Provided information
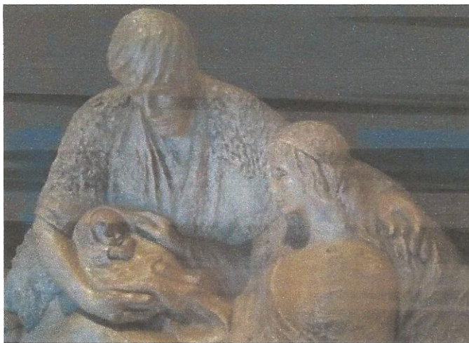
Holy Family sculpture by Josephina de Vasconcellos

---

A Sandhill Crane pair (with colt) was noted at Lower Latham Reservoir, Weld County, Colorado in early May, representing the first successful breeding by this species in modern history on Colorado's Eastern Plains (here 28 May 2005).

--

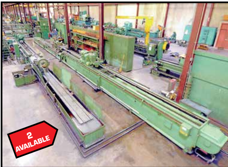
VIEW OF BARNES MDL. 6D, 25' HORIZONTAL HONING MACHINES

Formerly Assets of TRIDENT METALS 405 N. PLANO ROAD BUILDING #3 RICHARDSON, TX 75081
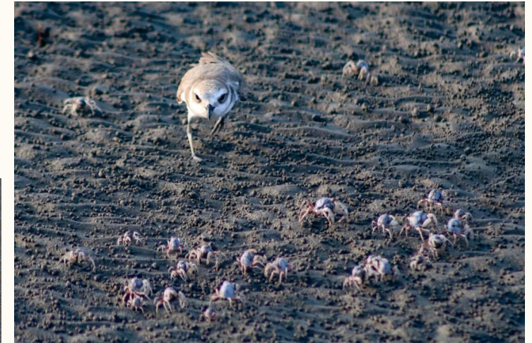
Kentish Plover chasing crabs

About this task
Look through the listing above for the line with "VIEW OF BARNES" and the line with "Kentish Plover chasing crabs". Write out exactly those lines and everything between, leaving out pictures.

Solution to the exercise
VIEW OF BARNES MDL. 6D, 25' HORIZONTAL HONING MACHINES

Formerly Assets of TRIDENT METALS 405 N. PLANO ROAD BUILDING #3 RICHARDSON, TX 75081
Kentish Plover chasing crabs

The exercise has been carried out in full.